The study was conducted under the direction of Prof. Dr. Daniel Belavy (Bochum University of Applied Sciences) in collaboration with partners from Australia (Deakin University, La Trobe University, Adelaide University, Monash University, University of Melbourne), the United Kingdom (University of Bristol), China (Xi'an University of Architecture & Technology, Xuanwu Hospital Capital Medical University) and other countries. It was published in the journal BMJ Medicine.

Short-term effects—but no lasting impact

The researchers analyzed data from 551 randomized studies involving more than 71,000 patients. Numerous conservative therapies were examined, including exercise therapy, manual therapy, acupuncture, psychological approaches and drug treatments.

The key finding: Many of these treatments lead to a noticeable improvement in pain and function—though primarily in the short term, over a period of about 10 to 12 weeks. "We see that various forms of therapy are indeed effective—but this effect generally does not last long," explains study leader Prof. Dr. Daniel Belavy, professor of physical therapy at Bochum University of Applied Sciences. After about a year, no clinically relevant benefits were observed, even though individual effects were still statistically detectable.

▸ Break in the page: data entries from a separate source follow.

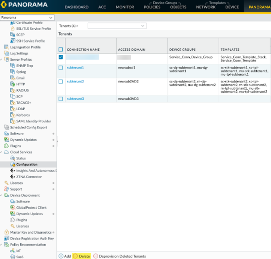 - From the Panorama that manages Prisma Access, select PanoramaCloud ServicesConfiguration.Select the tenant, and delete all configuration associated with it.Perform this step as a best practice to make sure that all configuration is deleted from the tenant, including any Service Connection, Mobile User, Remote Network, or Clean Pipe configuration.Commit and Push your changes to Prisma Access.
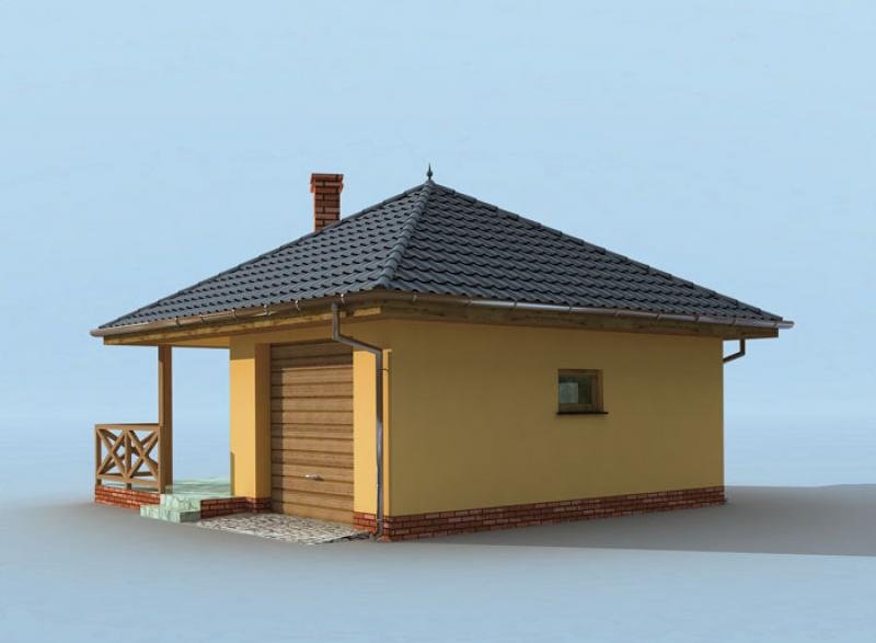 Garaż jednostanowiskowy ze składem na drewno kominkowe, werandą oraz wędzarnikiem. Projekt garażu składa się z czterech egzemplarzy a w tym części architektonicznej, konstrukcyjnej i instalacji wewnętrznej elektrycznej. W projekcie załączone są podstawowe zestawienie stali, drewna i stolarki okienno-drzwiowej. Do projektu dołączamy bezpłatną zgodę na wprowadzenie zmian, oświadczenie projektantów o wykonaniu projektu zgodnie z obowiązującymi normami i przepisami oraz kserokopie uprawnień projektantów wraz z aktualnym wpisem do izby.
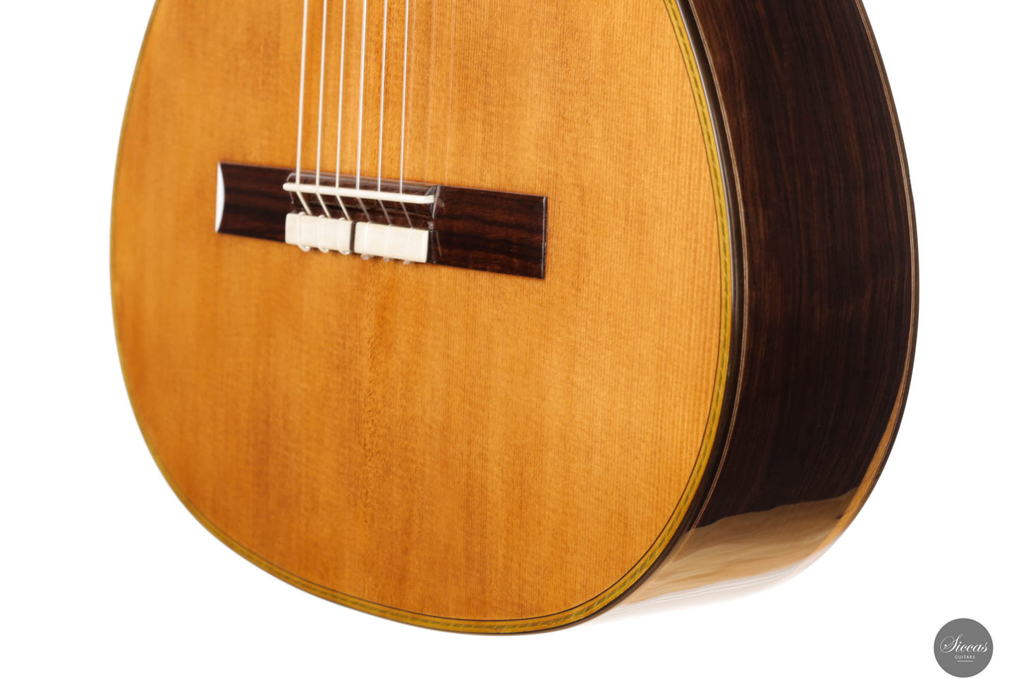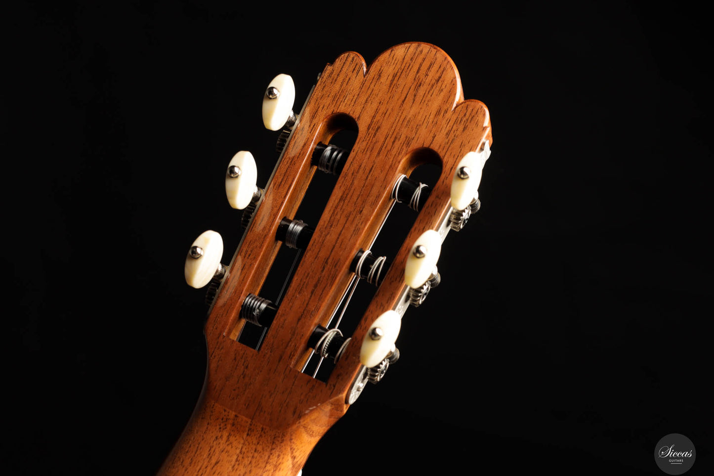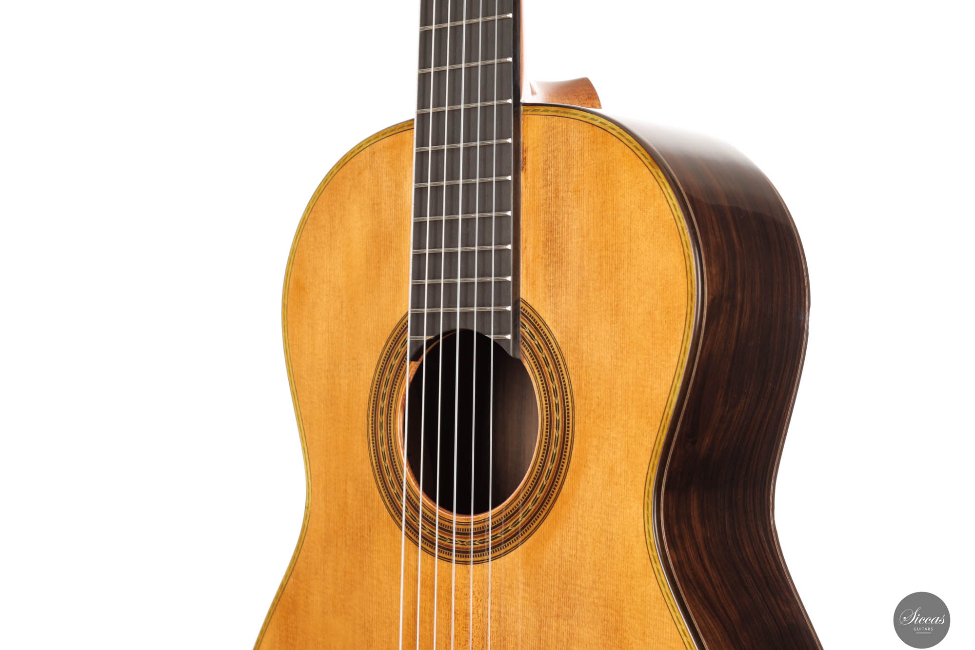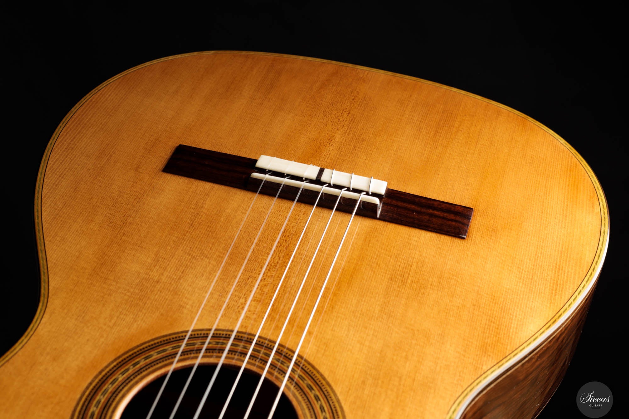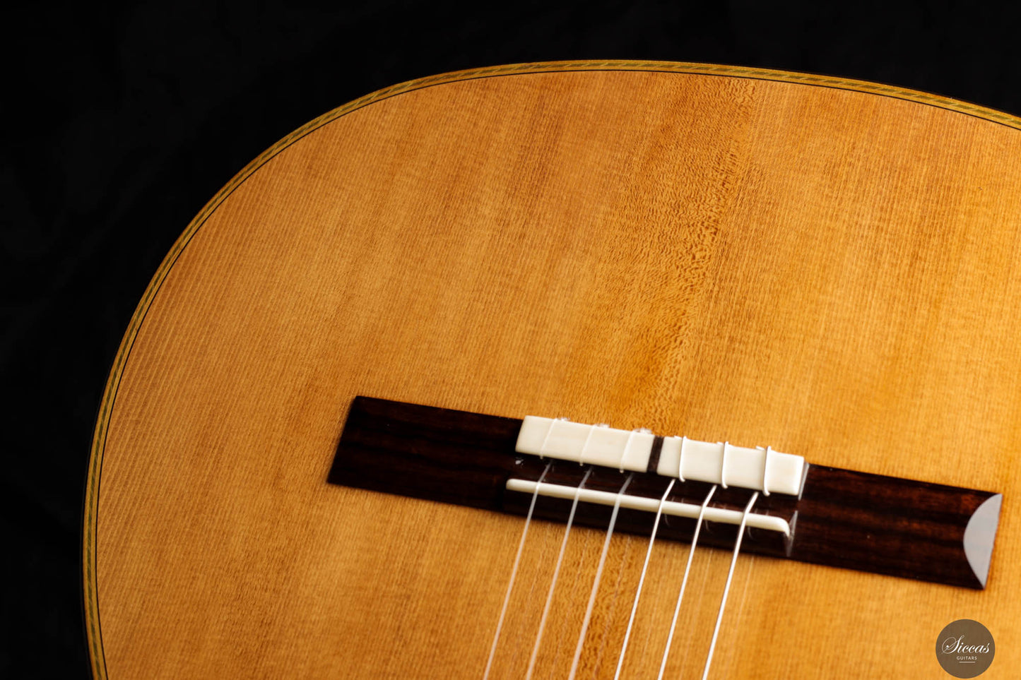 Inspired by the iconic designs of Francisco Simplico, this new model from Jellinghaus is a captivating blend of traditional artistry and contemporary craftsmanship. Paying homage to the legendary guitar maker, this instrument incorporates key elements of Simplico's style, resulting in a guitar that resonates with the old Spanish characteristics beloved by many. Its quick response and great balance are standout features, ensuring a playing experience that is both dynamic and satisfying. The guitar's aesthetic and tonal qualities reflect a deep understanding and appreciation of classical guitar heritage, making it an appealing choice for those who cherish the timeless sound and feel of traditional Spanish guitars, while enjoying the benefits of modern luthiery techniques.
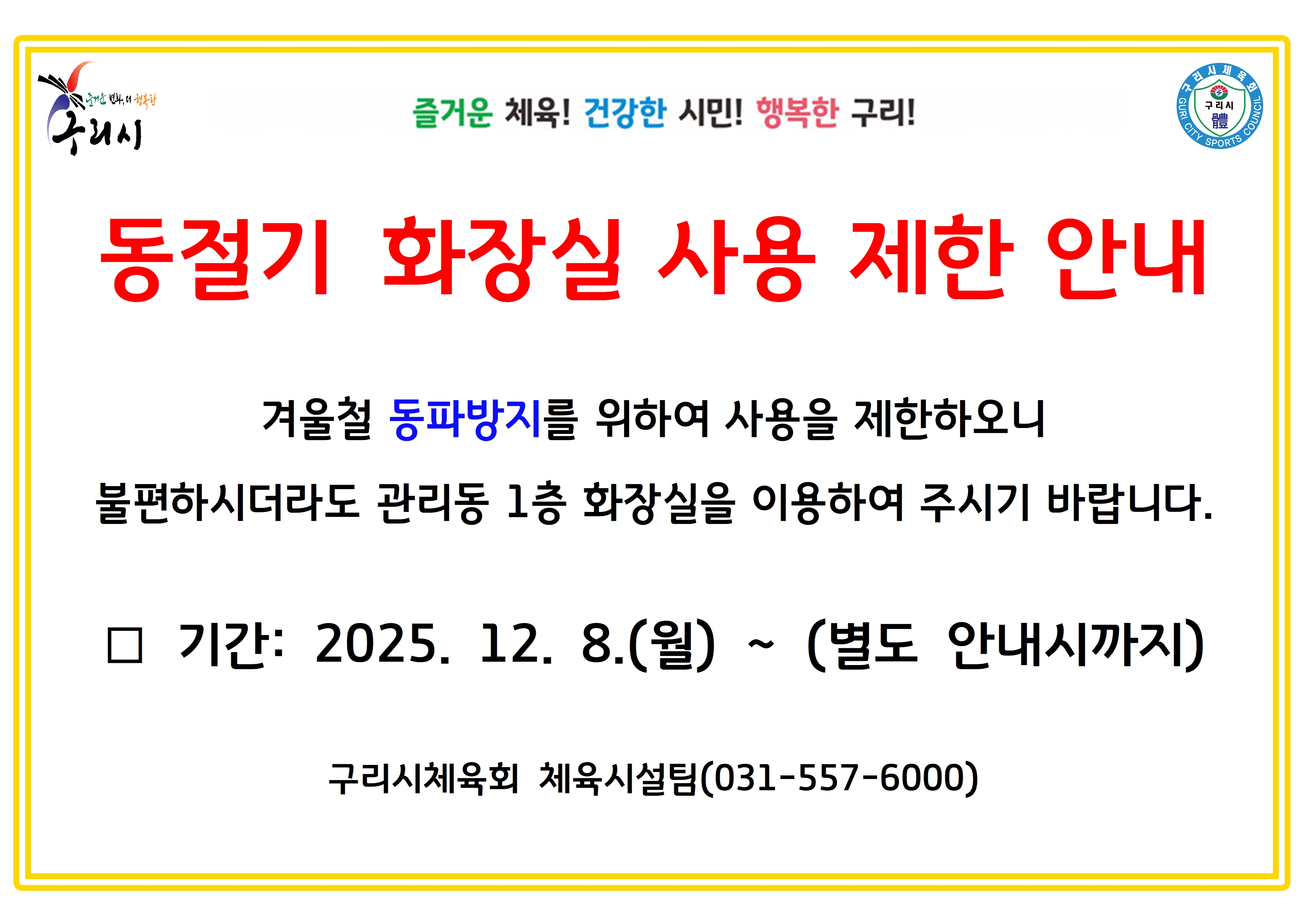[구리왕숙체육공원, 구리시립테니스장, 구리한강시민공원야구장] 신정 휴관 안내
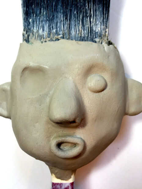 A apéndices adjuntos más suaves, ojos y cara utilizan un pequeño pincel humedecido con agua para equilibrar todas las áreas del carácter. Seque durante la noche en posición vertical. Puede poner una capa de gesso sobre el carácter seco o la pintura directamente sobre la arcilla. Prefiero el gesso blanco antes de aplicar pintura para más de un color verdadero.
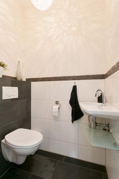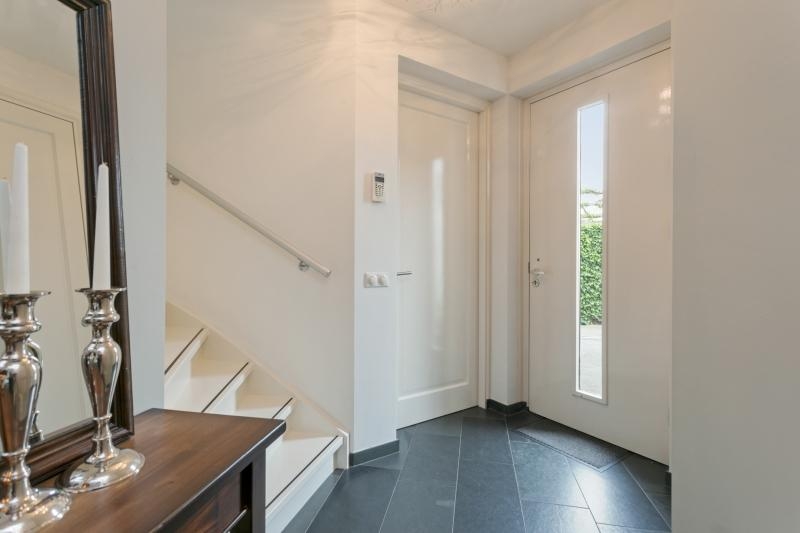 Via de ruime hal met donkergrijze leisteenvloer met vloerverwarming, garderobe, meterkast, modern toilet met fonteintje bereikt u de woonkamer. Let op de fraaie (paneel) deuren in de woning en de glad gestucte muren.
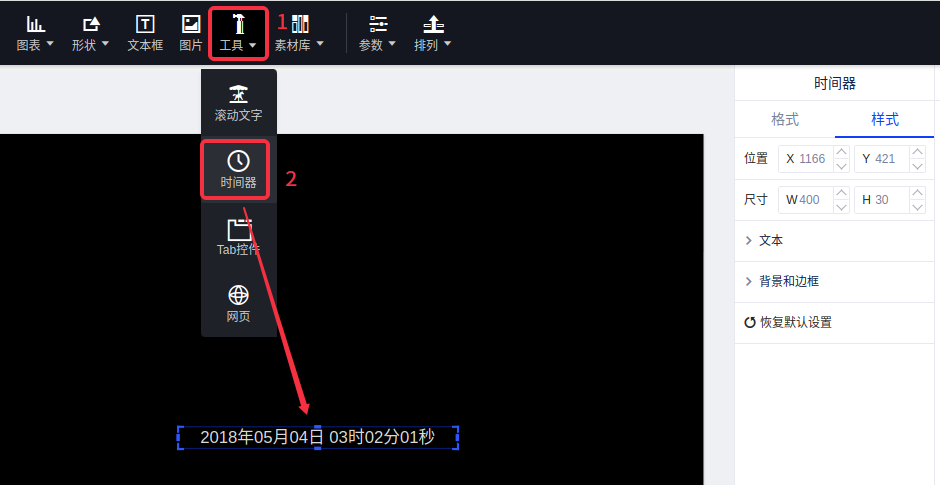 (1)选择“工具”控件,然后点击“时间器”,时间器默认显示为当前时间;
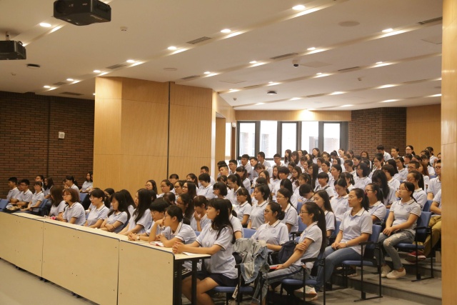 李旭为开学典礼致辞,他告诉同学们在大学中应该先做人,再读书。首先要做一个对自己、对家庭、对社会都有益的人。院长讲了为人处世的九字哲学,即讲诚信、守规则、负责任。他告诫学生要多读书、读好书、读闲书,利用好课余时间,广泛阅读,博采众长,以读书的方式熏陶并丰富自己。他对大家寄予厚望,希望同学们在大学期间可以培养自由之思想、独立之人格、创新之精神,毕业后可以去改造社会,而不被社会所改造。
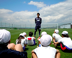 「ポジションはどこですか?」という質問に、「ディフェンダーってわかるかな? しっかり守る人です」と答える。言葉の選び方が優しい。得意なプレーを聞かれると、ヘディングをやって見せ、「ひと蹴りでどのくらい飛ばせますか?」の質問にキックを披露。また50m走のタイムを聞かれ、「6秒3」と答えた後、子どもたちと競争した。最後に「大人になるにつれ、乗り越えないといけない壁が出てくるかもしれませんが、小学生のうちに楽しさを知って、頑張ってください」とメッセージを述べた。
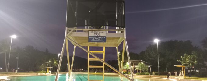 Nous retrouvons Joanne et Mark lors d’un dîner face à la piscine publique aménagée avec trois bassins. Le panneau rappelle aux “baigneurs” une règle essentielle d’hygiène!
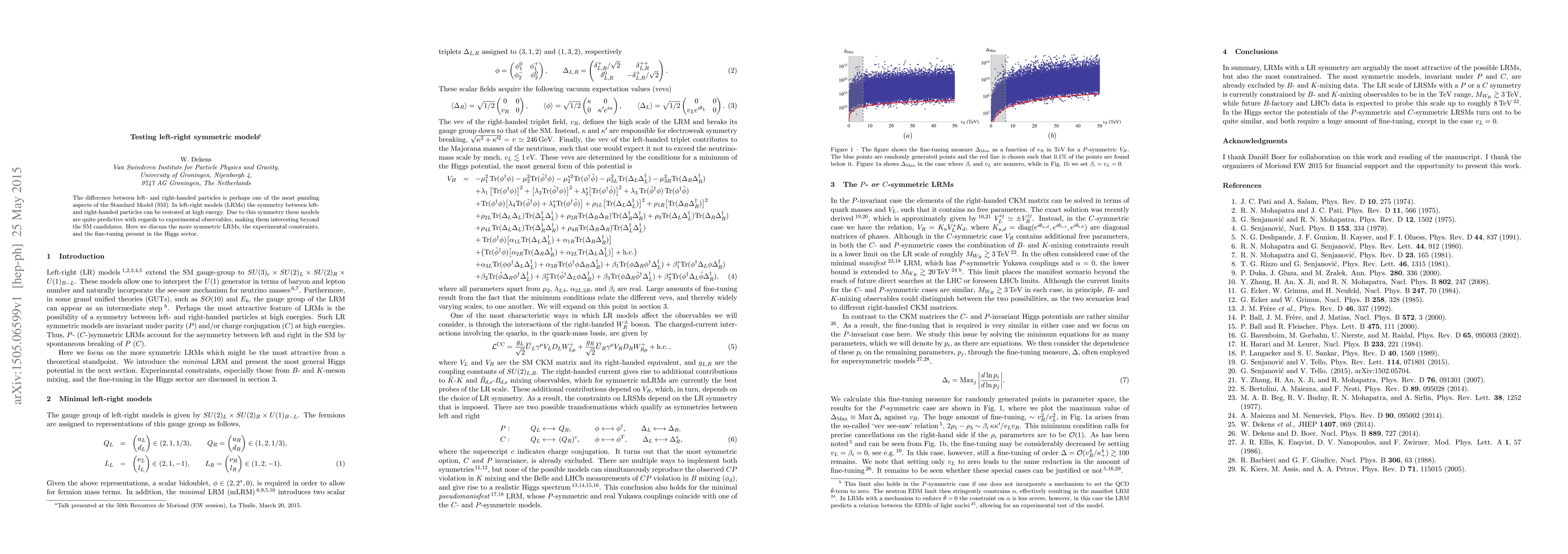 This paper explores left-right symmetric models (LRMs) that restore symmetry between left- and right-handed particles at high energy, offering predictive experimental insights beyond the Standard Model. It examines the experimental constraints and the fine-tuning issues in the Higgs sector of these models.
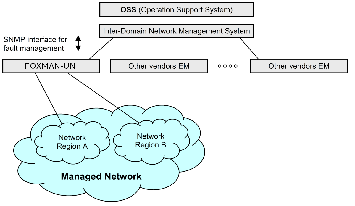 In a multi-vendor environment, FOXMAN-UN takes the role of a vendor specific network element manager that supports the FOX61x and FOX51x families of products.
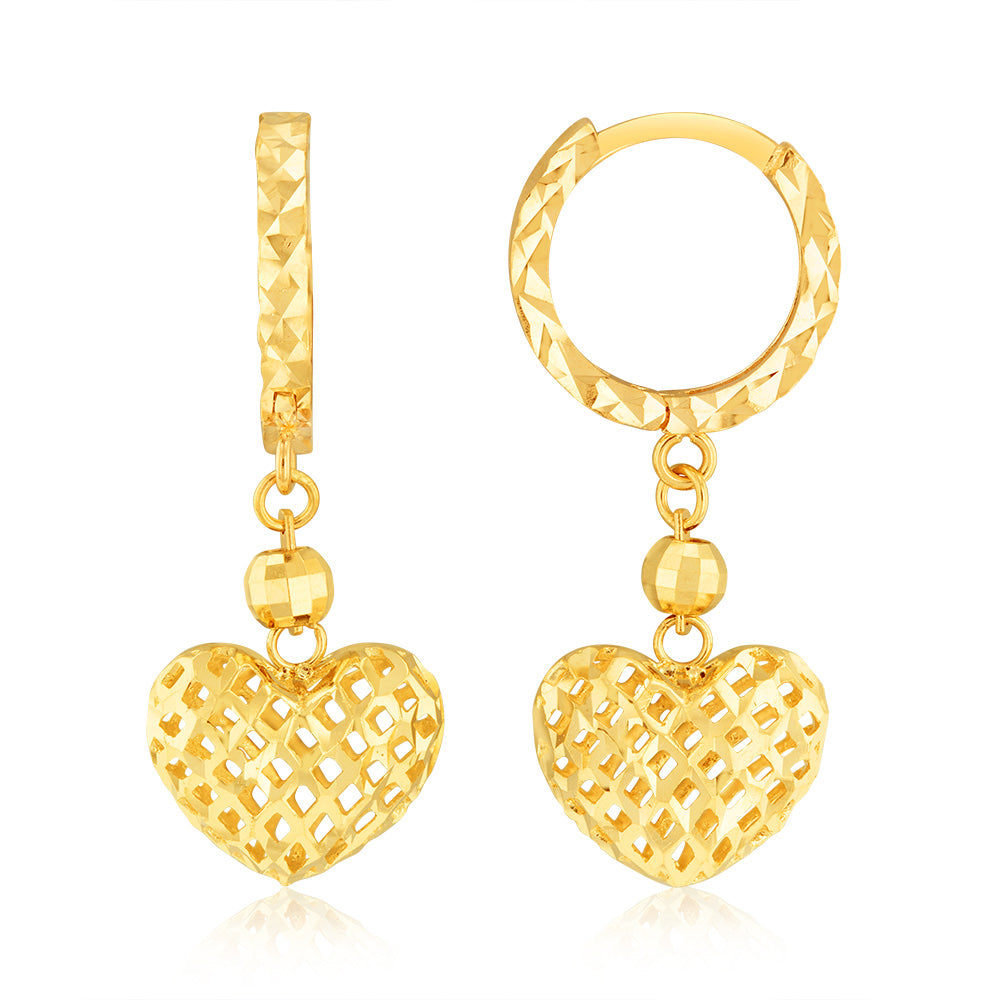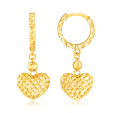 9ct Yellow Gold Heart Charm on Hoop Earrings

Active or passive? The difference is smaller than expected

Another important finding: Active therapies, such as exercise therapy, and passive treatments, such as manual therapy or massage, have similar effects. This contradicts some widely held assumptions in clinical practice. "We need to move away from the idea that a single treatment solves the problem," Belavy says. "Instead, we need strategies that empower people to manage their pain themselves in the long term."

"Back pain usually has not just one cause, but several," the back pain expert notes. This must be taken into account more strongly in treatment, according to Belavy. "We know from other research that only about one-third of the treatment benefit comes from the actual treatment itself. Instead, we need approaches that help patients with persistent back pain help themselves better—for example, through health coaching."

Such strategies include self-management, lifestyle and behavioral changes, and continuous support rather than short-term therapy cycles. "The German health care system does not yet sufficiently support such approaches," Belavy says. "Initial results are promising, but more research is needed."

Challenges of the existing studies

Another finding of the analysis: There is a lot of variability in how the treatments were carried out in each of the randomized studies included in the analysis. "But this also reflects the reality of clinical care, how treatments may be done in different ways, and subsequently what people with back pain gain from those treatments," Belavy commented.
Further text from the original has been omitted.